Something was off. She could feel it in the flow of the world around her, but she couldn't pinpoint the source. She was too new to all this and her frustration with her lack of understanding was high just then.
"You could always just ask," Malla muttered in the back of her head.
"What's wrong with the world?" she asked silently of the much older Time Lady.
"Time is moving more slowly here," she replied. "People started complaining about missing people in the Library over twelve hours ago, yet the computer stated that it's been only six hours since the last book was checked out."
Rose was silent for a long time, as her mind raced with the implications of that.
"How much power would it take to slow time like that?" she asked finally.
"To slow time across an entire world?" Malla retorted with a snort. "More power than I can calculate, without a crystal matrix computer and several hours to run the variables."
"So, a heck of a lot," Rose answered, thinking hard. "How many races could do something like this?"
"Well, we could, if we had positioned temporal wave modifiers in equidistant points around the planet. Not that we have access to that sort of technology in this universe right now. Other than us, well, I don't know of anyone short of Eternal-level or above who could pull it off. The real question though, is why? What purpose does it serve to slow time here?"

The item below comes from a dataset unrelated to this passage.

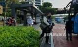 Pekerja menaiki bus saat jam pulang kerja di Jakarta, Selasa (16/4/2024). (FOTO : Republika/Thoudy Badai)

"Maybe it's not about slowing time, exactly," Rose mused as a thought occurred to her. "Maybe it's about cutting us off from other people. If time is moving more slowly, then the communicators won't be able to work properly. We can't call out. We can't call for help. After all, the first thing that happened, Moira said, was that they lost contact with the Mashas, right?"
"Perhaps we should experiment?" Malla prompted and Rose pulled out her cell phone. She speed-dialled her father and heard a faint crackling, but no ringing, and certainly no connection. After a moment, her cell phone shut down and she frowned.

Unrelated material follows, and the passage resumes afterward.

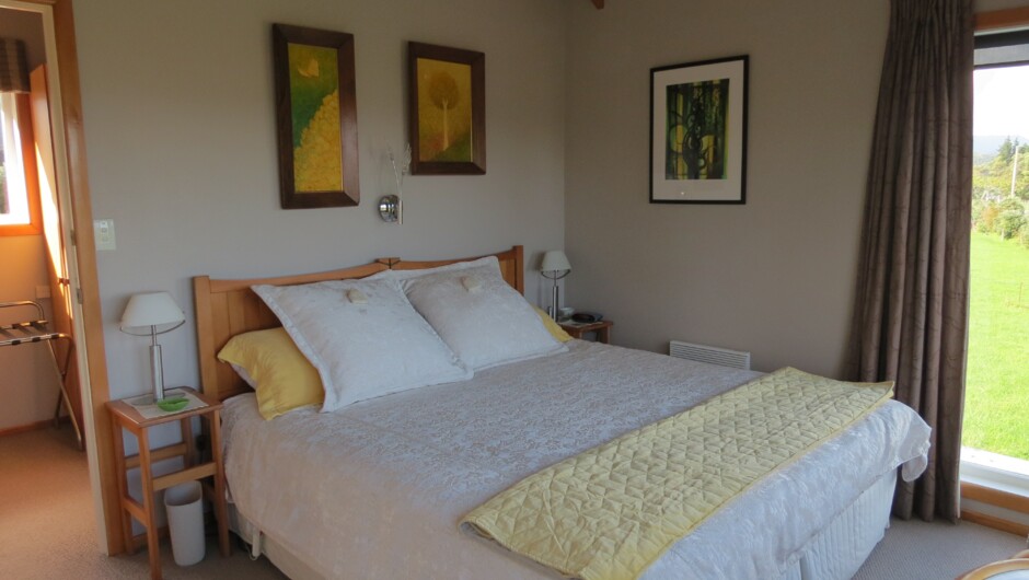 The Green House is the home of Tish and Andrew. It's a comfortable well furbished two storey home. The Seascape room looks over the Coromandel Harbour. The Ranges Room looks over our garden and to the Coromandel Ranges. It has its own private deck. The sitting room has both views. Both bedrooms have their own bathrooms.

"What is it?" Susan asked and Rose looked over at her.
"I can't get Dad on the phone. The line is not getting through to him," she explained and the Doctor looked up suddenly from where he was working.
"Not possible, that phone has universal roaming, it should be able to reach him in any time or place!" he insisted.
"Unless we're not in time," Rose pointed out and he paused and frowned.
"It's slower here," he replied, after a moment's thought, and the others all got the distant look in their eyes that said that they were paying close attention to the energies of time and space that were flowing around them all.
"Only on the planet's surface," Koschei added, squinting up skywards. "The sun is not affected, nor the moon. We can't see the planet moving around the sun at it's usual pace, but it actually is."
"Hm, Doctor Moon might be able to tell that something is wrong with Charlotte," he replied thoughtfully.
"Doctor Moon?" Rose asked him and he nodded.
"The Moon is actually an outboard diagnostics computer that monitors the Library and environs," he explained.
"I wonder if I can hack into it? I could use the Library's own interface with the moon to send a message, or at least to find out more about what is going on here," Tomoko mused aloud and the Doctor nodded.
"Can't hurt to try!" he told her, his usual smile starting to reassert itself and the waves of fear ebbing from him. Rose smiled too, relieved that that they were finally starting to figure out a plan. Well, a plan other than just running for their lives.
Which, now that she thought about it, really was their usual plan.